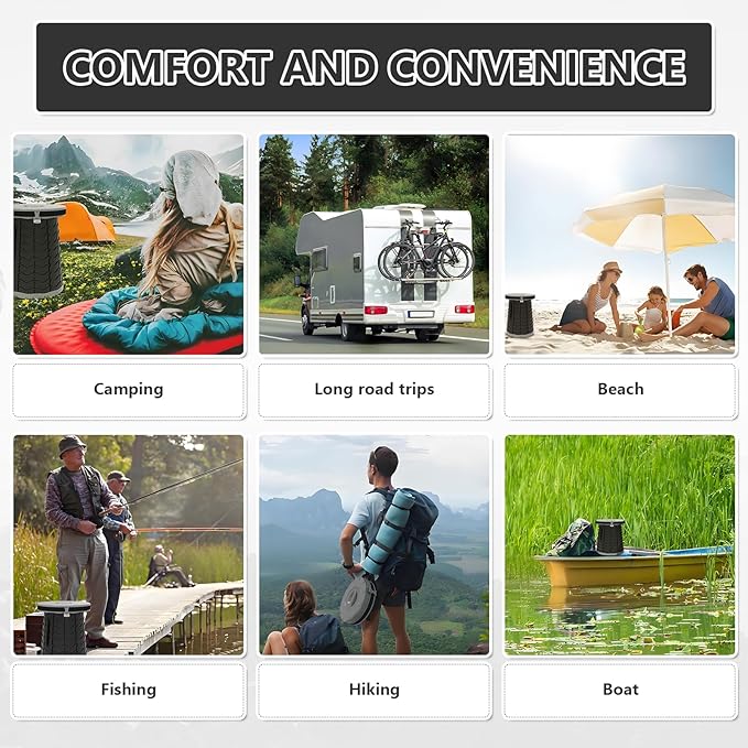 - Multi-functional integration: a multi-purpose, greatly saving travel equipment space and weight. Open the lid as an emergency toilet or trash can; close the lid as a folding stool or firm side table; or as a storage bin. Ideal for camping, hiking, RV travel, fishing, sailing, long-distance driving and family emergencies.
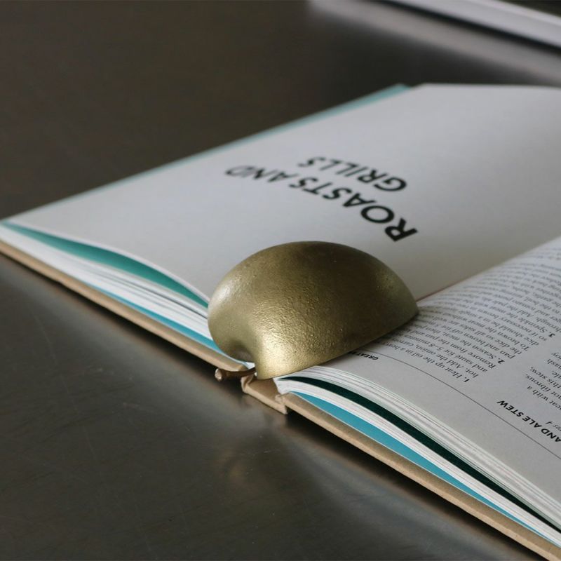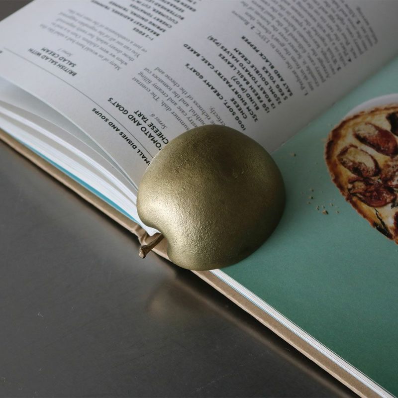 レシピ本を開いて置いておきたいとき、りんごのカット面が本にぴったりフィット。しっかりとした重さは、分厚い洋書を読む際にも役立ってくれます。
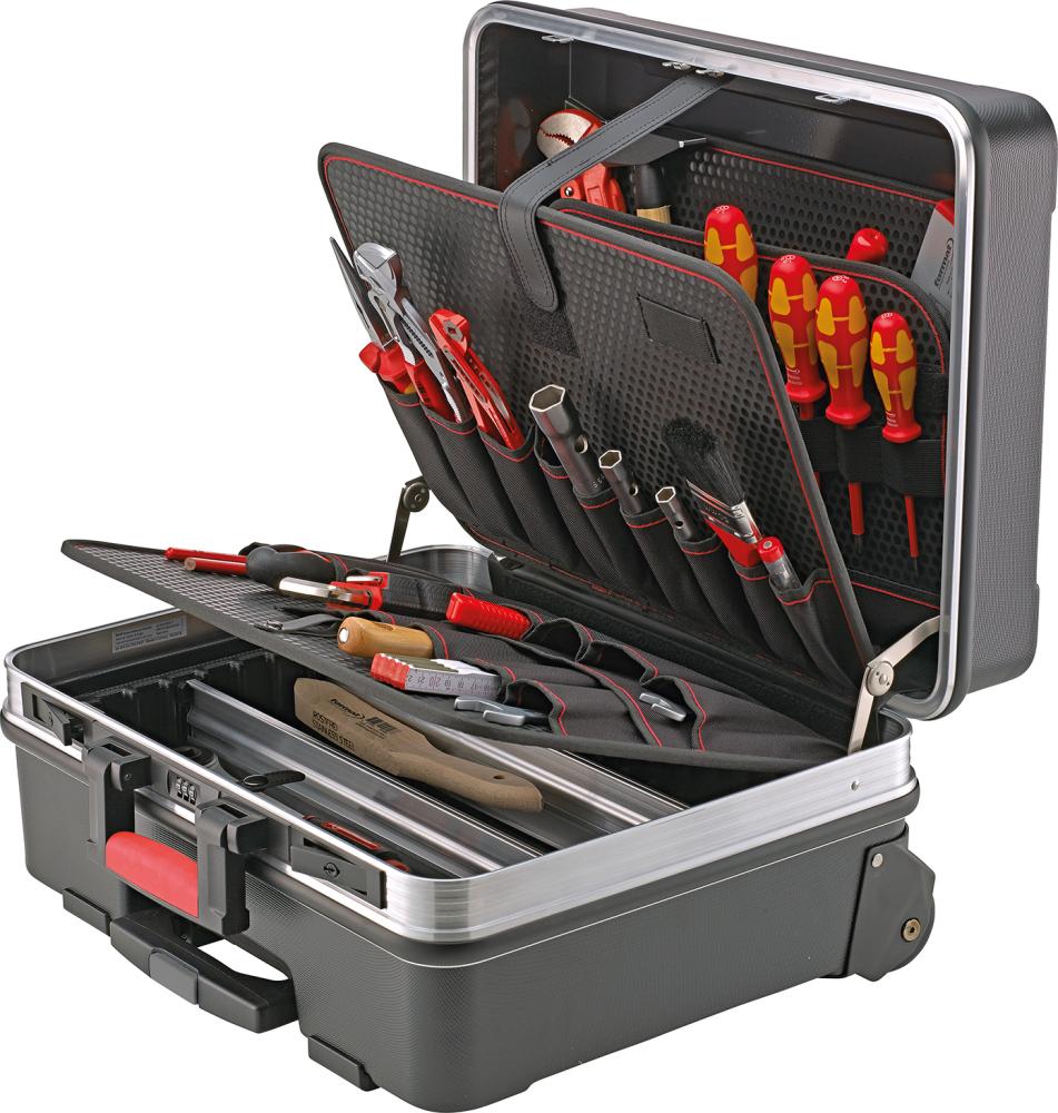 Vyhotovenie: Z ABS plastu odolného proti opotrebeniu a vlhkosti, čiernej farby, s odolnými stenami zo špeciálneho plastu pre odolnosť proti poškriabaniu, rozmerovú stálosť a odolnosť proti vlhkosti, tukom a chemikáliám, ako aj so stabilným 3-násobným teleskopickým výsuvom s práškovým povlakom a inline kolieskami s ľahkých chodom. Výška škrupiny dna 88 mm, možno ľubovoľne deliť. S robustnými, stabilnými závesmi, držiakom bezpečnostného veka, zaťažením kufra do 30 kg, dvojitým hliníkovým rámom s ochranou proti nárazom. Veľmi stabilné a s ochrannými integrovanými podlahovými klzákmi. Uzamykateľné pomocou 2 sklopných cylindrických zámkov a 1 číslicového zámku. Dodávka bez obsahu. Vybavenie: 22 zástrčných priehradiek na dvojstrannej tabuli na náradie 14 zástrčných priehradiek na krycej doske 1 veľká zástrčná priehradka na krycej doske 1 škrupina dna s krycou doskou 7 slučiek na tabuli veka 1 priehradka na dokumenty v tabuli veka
###
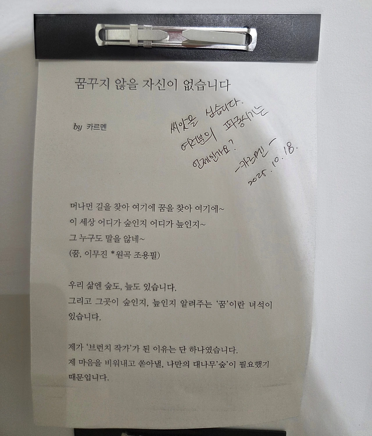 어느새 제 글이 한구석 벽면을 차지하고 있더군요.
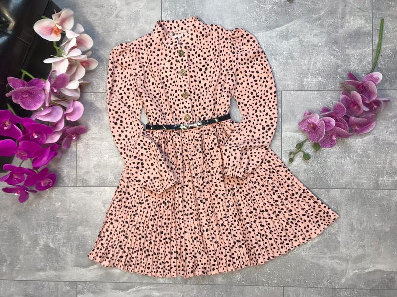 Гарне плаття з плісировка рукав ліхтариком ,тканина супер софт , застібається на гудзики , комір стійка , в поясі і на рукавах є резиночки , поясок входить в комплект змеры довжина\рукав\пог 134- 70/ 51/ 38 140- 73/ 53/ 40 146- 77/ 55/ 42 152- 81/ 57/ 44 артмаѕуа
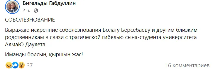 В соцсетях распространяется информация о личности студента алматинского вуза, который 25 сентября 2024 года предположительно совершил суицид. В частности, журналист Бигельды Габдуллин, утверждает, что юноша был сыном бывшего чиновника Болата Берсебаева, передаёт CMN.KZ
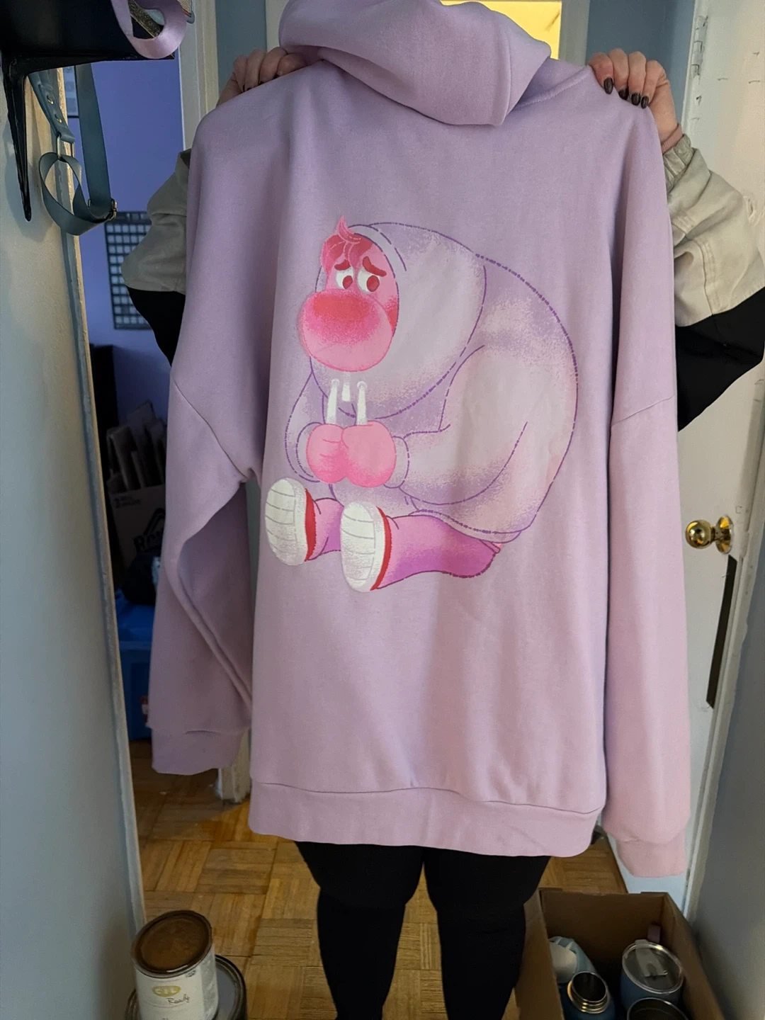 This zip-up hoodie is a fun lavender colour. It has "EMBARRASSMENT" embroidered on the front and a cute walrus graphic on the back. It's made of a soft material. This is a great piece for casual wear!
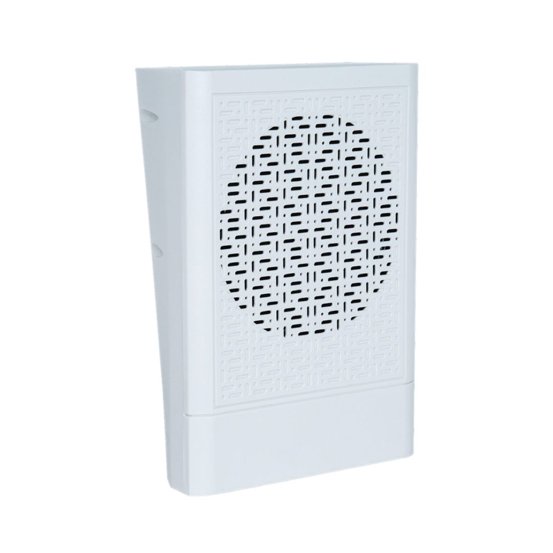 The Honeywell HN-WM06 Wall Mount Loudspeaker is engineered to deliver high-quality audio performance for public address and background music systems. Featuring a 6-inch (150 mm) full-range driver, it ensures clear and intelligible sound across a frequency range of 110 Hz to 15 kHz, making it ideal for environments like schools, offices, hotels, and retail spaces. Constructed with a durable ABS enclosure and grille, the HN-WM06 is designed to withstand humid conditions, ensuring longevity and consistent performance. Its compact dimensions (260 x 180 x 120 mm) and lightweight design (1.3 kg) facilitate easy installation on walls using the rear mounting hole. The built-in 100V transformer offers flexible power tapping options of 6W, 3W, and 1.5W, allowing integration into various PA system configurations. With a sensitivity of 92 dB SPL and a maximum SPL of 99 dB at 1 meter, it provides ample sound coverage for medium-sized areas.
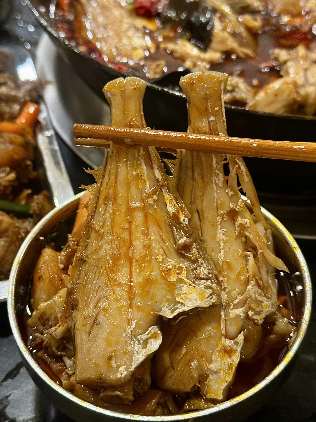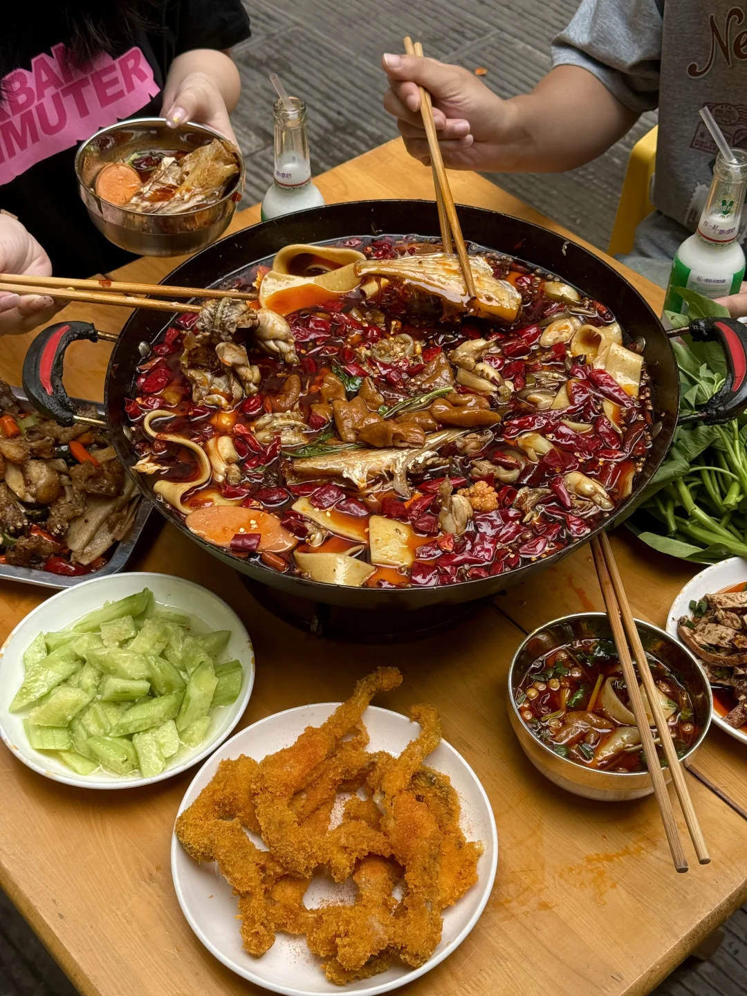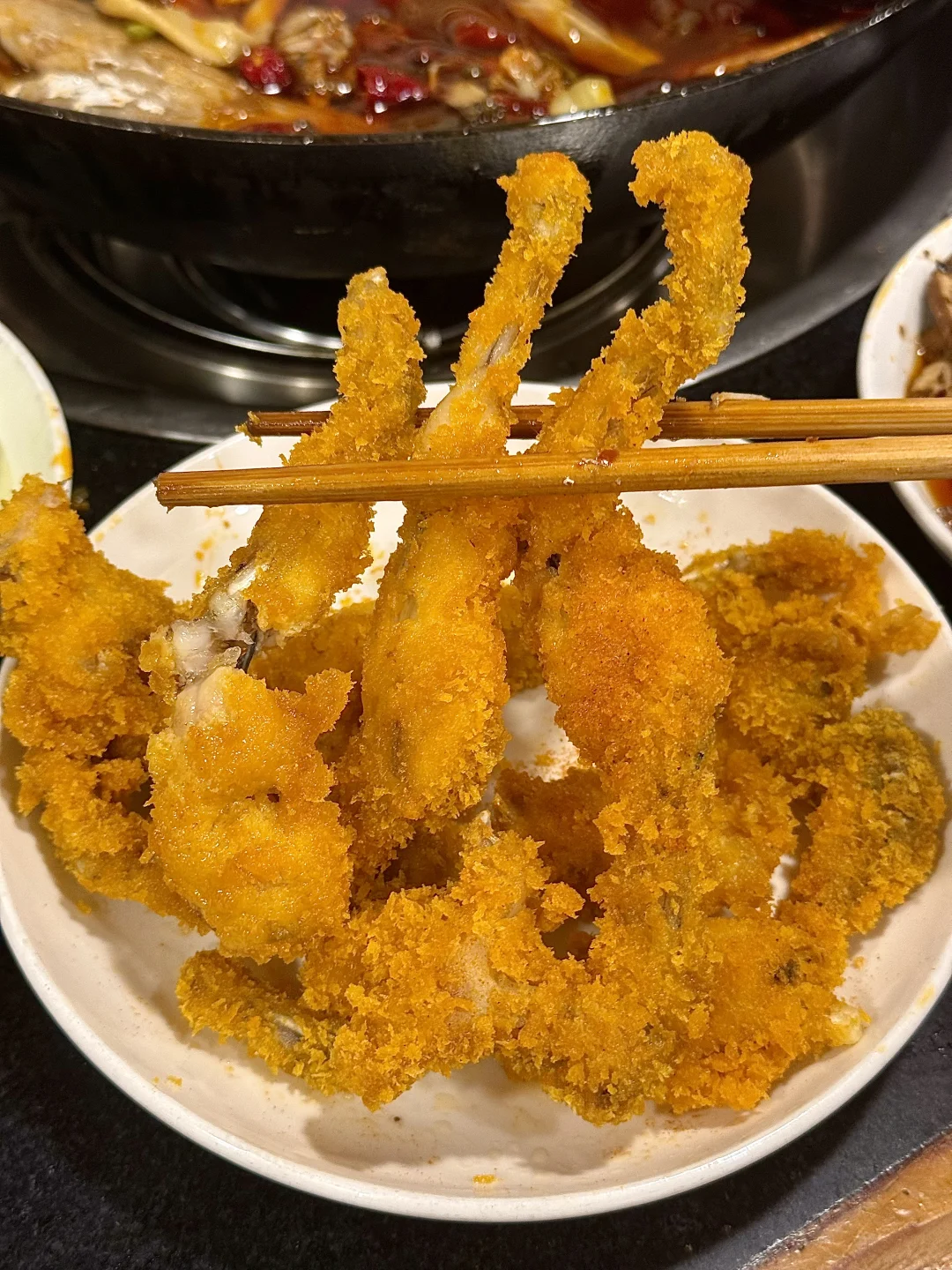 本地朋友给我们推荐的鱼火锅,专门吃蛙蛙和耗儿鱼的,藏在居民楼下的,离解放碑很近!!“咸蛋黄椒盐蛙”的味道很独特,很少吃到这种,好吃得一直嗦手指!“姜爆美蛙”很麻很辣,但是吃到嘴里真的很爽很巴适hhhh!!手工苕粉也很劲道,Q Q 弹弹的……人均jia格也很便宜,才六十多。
###
Leave the pictures out, and transcribe exactly the lines above starting at the one that contains "- Multi-functional integration: a" and ending at the one that contains "レシピ本を開いて置いておきた".

RESULT OF THE EXERCISE
 - Multi-functional integration: a multi-purpose, greatly saving travel equipment space and weight. Open the lid as an emergency toilet or trash can; close the lid as a folding stool or firm side table; or as a storage bin. Ideal for camping, hiking, RV travel, fishing, sailing, long-distance driving and family emergencies.
 レシピ本を開いて置いておきたいとき、りんごのカット面が本にぴったりフィット。しっかりとした重さは、分厚い洋書を読む際にも役立ってくれます。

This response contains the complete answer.